For the past several budget cycles, Rep. Greg Walden, R-Hood River, has only requested earmarks on behalf of nonprofit groups and local governments in Oregon. He was first among the state’s congressional delegation to make his earmark requests public.
Walden couldn’t be reached for comment this week, but, like nearly every House Republican, he’s pledged not to request earmarks this year. He’s asking Democrats to reduce the federal budget by the amount that would have gone to pork barrel projects.
Overall, the dollar value of congressional earmarks has fallen in recent years, according to Citizens Against Government Waste, a nonprofit that campaigns against earmarks. The 2006 spending bills included 9,963 earmarks totaling $29 billion. That number fell by 32 percent, to $19.6 billion, by last year, the group found.
Potential
Raether has produced three prototypes that run on compressed air, but has yet to build a gasoline or diesel-powered model. That will take money, and lots of it, he said.
Brad Tillock, owner of EngSim, an Illinois firm that conducts stimulations of mechanical designs, said Raether’s engine has potential.
“I see many of these inventor types come to me with different ideas,” Tillock said. “Most of the time they don’t have anything.
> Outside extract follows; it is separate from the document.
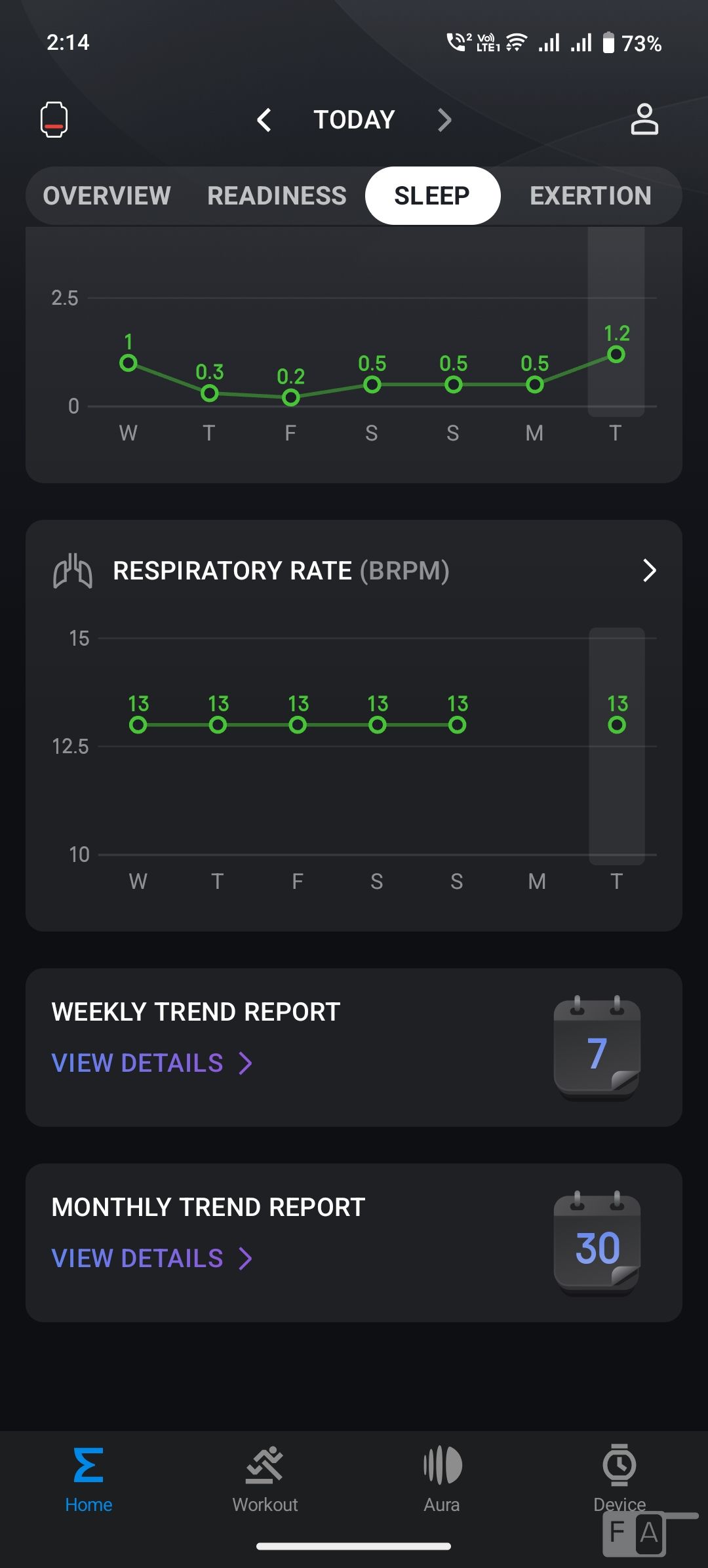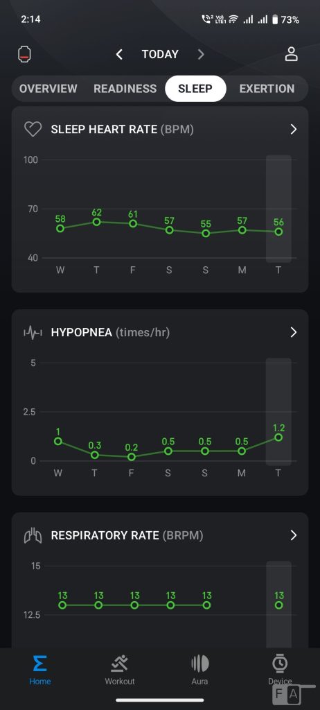 Sleep tracking shows light and deep sleep, awake time, as well as REM sleep. It shows respiratory rate, and also shows hypopnea, a sleep-related breathing disorder. Overall, the sleep data is good, and insightful.

He does have something.”
Whether or not the engine delivers a 50 percent fuel savings remains to be seen, but the potential is worth exploring, Tillock said.
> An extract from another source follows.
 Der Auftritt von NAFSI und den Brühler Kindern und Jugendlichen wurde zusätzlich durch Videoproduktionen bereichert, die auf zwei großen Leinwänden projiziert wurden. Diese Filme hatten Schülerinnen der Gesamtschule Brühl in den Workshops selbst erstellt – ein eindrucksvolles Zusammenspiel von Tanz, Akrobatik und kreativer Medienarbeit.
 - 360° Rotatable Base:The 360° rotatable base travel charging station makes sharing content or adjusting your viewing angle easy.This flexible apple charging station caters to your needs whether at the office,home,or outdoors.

“There’s enough there ... that I see it being really worthwhile to try to build one that will really make power.”
Raether explored applying for competitive funding from the Pentagon, but ultimately didn’t, because most of the grants would have given ownership of Raether’s idea to the Defense Department, he said.
“We didn’t feel comfortable with the compromises,” he said.
Raether has also collected letters of support from Economic Development for Central Oregon, a University of California-Davis professor and the Central Oregon Community College automotive department coordinator.
Wyden spokeswoman Jennifer Hoelzer said the engine’s potential to improve fuel efficiency justifies federal funding.
“Increased fuel economy is a huge goal at DoD not just because it saves money ... but because it frees up logistical supply lines which endanger American soldiers,” Hoelzer said. “We believe that if a community in the U.S. is going to develop and ultimately manufacture technology to protect our troops and make their vehicles more efficient, then we will do whatever is appropriate to see that it happens in, and that those jobs come to, Deschutes County.”
Merkley said on Thursday that he was impressed by the engine’s potential fuel savings after an earlier visit to the WaveTech facility. He declined on Thursday to defend the earmark request.
“I don’t want to get into a public discussion, earmark by earmark,” Merkley said. He added that he’s also referred the company’s design to the Defense Advanced Research Projects Agency, the Pentagon’s tech research wing.
The whole question could very well be rendered moot, though, if Congress doesn’t pass a budget and spending bills this year. Given the compressed legislative calendar caused by congressional elections this year, it could instead opt for a “continuing resolution,” which largely maintains spending at current levels and usually includes a very small number of earmarks.
“It’s a question mark,” said Blumenauer, about whether the normal budget process will go through.